The Chicago Board of Exchange has withdrawn its applications for Bitcoin ETFs. Bitcoin and other Crypto prices held steady despite the fact that the mainstream news and financial talking-heads might see a move like that ‘catastrophic’ for near-term prices. Rather than following conventional ‘wisdom’, prices of Crypto coins continued their overall friendly moves seen to be back in the markets since mid-December, with most of them trading steady to higher compared to US dollars or other national currencies.
The fact that BTC prices did not at all drop on this particular bit of news should be seen as yet another proof of no significant portions of dumb money slushing around in the overall Crypto markets anymore — an overall positive fact when it comes to near-term to medium-term outlooks for Crypto prices.
Just over a year ago, and with the Crypto price mania in full swing, expectations of the introduction of Bitcoin Futures may have been a large contributing factor to the explosive price movements at the time.
Sure enough, this resulted in very short-lived hyperbolic growth followed by a blow-off top and serious breakdown in price, from which Bitcoin and the other Cryptos have, so far, spent roughly a year trying to recover.

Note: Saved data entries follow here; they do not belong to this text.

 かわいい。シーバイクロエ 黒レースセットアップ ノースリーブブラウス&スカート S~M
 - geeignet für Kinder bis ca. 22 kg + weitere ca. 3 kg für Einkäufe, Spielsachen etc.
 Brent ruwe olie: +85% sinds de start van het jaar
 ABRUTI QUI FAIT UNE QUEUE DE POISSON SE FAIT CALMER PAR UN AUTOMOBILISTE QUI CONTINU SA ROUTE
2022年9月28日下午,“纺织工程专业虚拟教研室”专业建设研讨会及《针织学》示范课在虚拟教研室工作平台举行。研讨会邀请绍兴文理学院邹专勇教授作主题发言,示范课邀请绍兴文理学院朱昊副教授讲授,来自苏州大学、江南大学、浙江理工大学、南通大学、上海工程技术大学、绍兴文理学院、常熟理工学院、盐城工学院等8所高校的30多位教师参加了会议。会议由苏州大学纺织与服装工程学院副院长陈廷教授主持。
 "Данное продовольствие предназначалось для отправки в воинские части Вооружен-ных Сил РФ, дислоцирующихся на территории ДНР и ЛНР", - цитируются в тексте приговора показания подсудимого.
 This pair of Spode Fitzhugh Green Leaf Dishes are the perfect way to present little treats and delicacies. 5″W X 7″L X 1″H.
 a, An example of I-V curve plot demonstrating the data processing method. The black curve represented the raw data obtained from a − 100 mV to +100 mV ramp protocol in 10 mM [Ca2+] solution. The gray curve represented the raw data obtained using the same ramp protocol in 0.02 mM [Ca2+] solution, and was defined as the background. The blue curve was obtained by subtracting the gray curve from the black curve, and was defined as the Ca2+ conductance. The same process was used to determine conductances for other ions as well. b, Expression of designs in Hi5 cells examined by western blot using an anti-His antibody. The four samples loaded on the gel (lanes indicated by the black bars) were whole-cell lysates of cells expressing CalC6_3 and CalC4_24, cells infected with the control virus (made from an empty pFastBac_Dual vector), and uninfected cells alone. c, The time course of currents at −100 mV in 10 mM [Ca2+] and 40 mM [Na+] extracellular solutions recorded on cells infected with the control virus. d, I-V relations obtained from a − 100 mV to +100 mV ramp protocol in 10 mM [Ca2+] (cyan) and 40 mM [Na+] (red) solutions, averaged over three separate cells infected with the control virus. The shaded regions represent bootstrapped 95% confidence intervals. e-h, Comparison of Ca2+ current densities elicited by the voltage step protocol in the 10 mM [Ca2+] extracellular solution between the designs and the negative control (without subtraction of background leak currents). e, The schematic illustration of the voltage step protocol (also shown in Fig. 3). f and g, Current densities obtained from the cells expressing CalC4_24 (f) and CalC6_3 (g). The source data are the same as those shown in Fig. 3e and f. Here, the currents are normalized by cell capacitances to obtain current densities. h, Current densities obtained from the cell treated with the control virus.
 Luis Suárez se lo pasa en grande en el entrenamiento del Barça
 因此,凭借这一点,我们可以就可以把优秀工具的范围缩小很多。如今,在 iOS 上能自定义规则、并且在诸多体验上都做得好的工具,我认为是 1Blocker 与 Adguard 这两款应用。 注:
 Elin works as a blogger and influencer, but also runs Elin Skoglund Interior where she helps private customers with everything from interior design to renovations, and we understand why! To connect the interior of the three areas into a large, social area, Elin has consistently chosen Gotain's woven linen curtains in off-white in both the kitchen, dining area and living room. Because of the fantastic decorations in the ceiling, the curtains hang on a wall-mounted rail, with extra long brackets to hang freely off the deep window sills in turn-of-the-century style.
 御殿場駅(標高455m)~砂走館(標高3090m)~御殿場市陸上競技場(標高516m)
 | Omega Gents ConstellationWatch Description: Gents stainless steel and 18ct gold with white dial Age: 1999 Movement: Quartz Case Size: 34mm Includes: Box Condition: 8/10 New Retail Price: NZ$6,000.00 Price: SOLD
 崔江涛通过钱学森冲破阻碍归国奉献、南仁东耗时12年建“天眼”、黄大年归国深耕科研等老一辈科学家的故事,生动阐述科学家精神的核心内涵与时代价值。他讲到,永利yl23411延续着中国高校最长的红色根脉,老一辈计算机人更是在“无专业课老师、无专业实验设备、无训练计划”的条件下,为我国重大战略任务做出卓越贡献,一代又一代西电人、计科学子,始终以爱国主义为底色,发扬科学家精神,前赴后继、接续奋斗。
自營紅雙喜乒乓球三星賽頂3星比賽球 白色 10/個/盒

It is very nice to see that the CBOE’s turn-down did not deliver another blow to the price of Bitcoin against the US dollar for many reasons: apart from the obvious preference for advancing prices, it’s got to do with a deeper analysis of the audience or market participants in the overall Crypto coin sphere. It is a well-known fact that ETFs attract usually the very dumb money of particularly unqualified speculators. Buying an ETF on anything does not require any sophistication whatsoever — but understanding why this is more often than not a bad idea anyway would take at least some, and that’s why so many people buy them and ETF managers are laughing all the way to the bank.
When it comes to ETFs on the BTC price, the audience is even dumber than for, say, stock index ETFs or market segment ETFs that may (or may not) make sense to someone wanting a quick fix and some price exposure to, e, g, the S&P500 which (after listening to his “financial advisor” or watching hundreds of hours of CNBC or Bloomberg) he may believe a “non-tradeable” instrument. (Do note though that the S&P500 can be traded, in fact, even if buying or selling S&P futures require very high margins and is beyond the means of many small investors; still, price exposure can equally be had by buying and offsetting S&P options, starting at $25 per pop, or options on the S&P mini from $5.) When it comes to buying an ETF on the Bitcoin price, doing so shows an even more severe lack of information. Dodging the hassle of even looking into how a simple Bitcoin wallet can be set up and the resulting willingness to go for a Bitcoin ETF instead only proves that this speculator is not even able or willing to do a few clicks on his computer but turns to his “trusted providers” of consolation and perceived safety instead. A retail investor or speculator of this type will, of course, pay significant mark-ups (as in extra-high prices plus fees charged) on something he could have had for zero fees!
Demonstrating price moves indicating that the overall Crypto segment is not overly dependent on that kind of money is a very good thing.